Admiral (Ret.) Tedjo Edhy Purdijatno (born September 20, 1952) is an Indonesian politician and retired Naval officer. He was the Coordinating Minister for Political, Legal and Security Affairs of the Republic of Indonesia from October 27, 2014, to August 12, 2015. Tedjo was also the Chief of Staff of the Navy from 2008 to 2009.

Education
Tedjo completed his military training at the Indonesian Naval Academy in 1975. He also obtained a law degree from Hang Tuah University, Surabaya in 2001. He also attend numerous military education namely Indonesian Navy Staff and Command School, Indonesian Armed Forces Staff and Command School, National Defence Institution, National Resilience Institute Course batch 34.

Personal life
Tedjo was born in Magelang, Central Java on September 20, 1952. He is married with 4 children.

Military career 
Tedjo has served for 35 years in Indonesian Navy. He served in numerous branch of the Indonesian Navy including the Naval Aviation Unit as Fixed wing Naval Aviator, he also serve as the commanding officer of KRI Teluk Lampung (540), KRI Teluk Semangka (512) and KRI Multatuli (561).

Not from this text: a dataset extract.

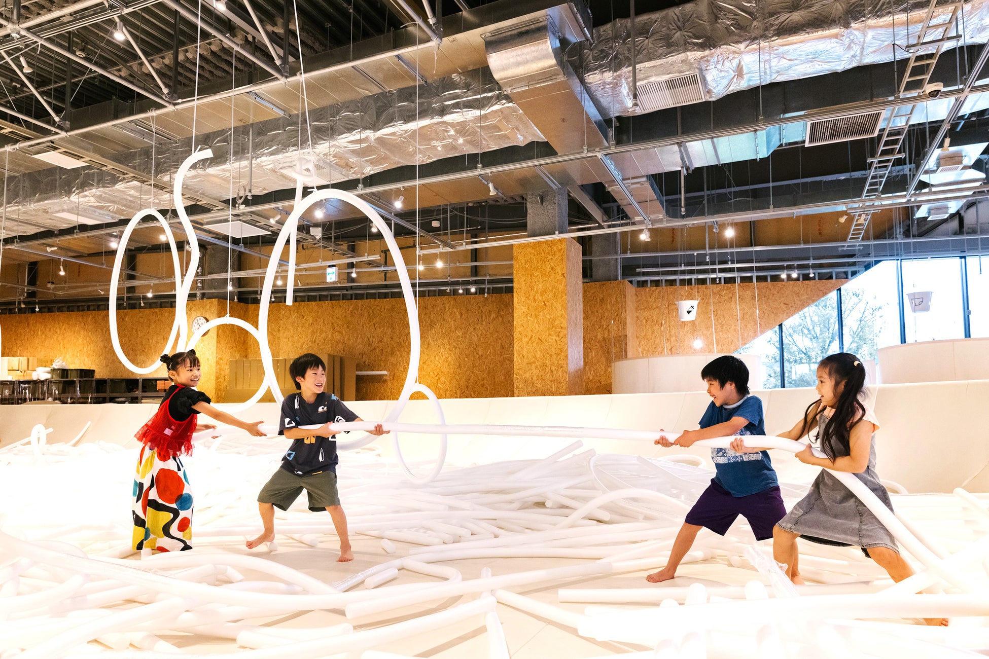 土木建築用シーラントバックアップ材「ミナフォームマルマル」、PLAY! PARKの大型遊具「ヌードルおばけ」では子どもの遊具として使用中

Tedjo served in various branches of the Indonesian Navy namely 
 Commander of the Amphibious unit of the Indonesian Navy Eastern Fleet Command 
 Commander of the Western Fleet's Marine Security Group of the Indonesian Navy Western Fleet Command 
 Chief of Staff Indonesian Navy Eastern Fleet Command 
 Deputy Commander of the Indonesian Navy Staff and Command School 
 Commander of the Indonesian Navy Western Fleet Command  
 Planning Assistant to the Chief of Staff of the Indonesian Navy
 Chief of Staff of the Indonesian Navy

He was also served in various branches of the Indonesian National Armed Forces and Ministry of Defence of the Republic of Indonesia, namely
 Director General of Defence Planning of the Ministry of Defense (Indonesia)
 Commander of the Indonesian National Armed Forces Staff and Command School 
 Chief of General Staff of the Indonesian National Armed Forces

He was inaugurated as Chief of Staff of the Navy on July 1, 2008, by the President Susilo Bambang Yudhoyono , replacing Admiral Sumardjono who is retired.

Admiral Tedjo Edhy Purdijatno was officially replaced by Admiral Agus Suhartono on November 13, 2009.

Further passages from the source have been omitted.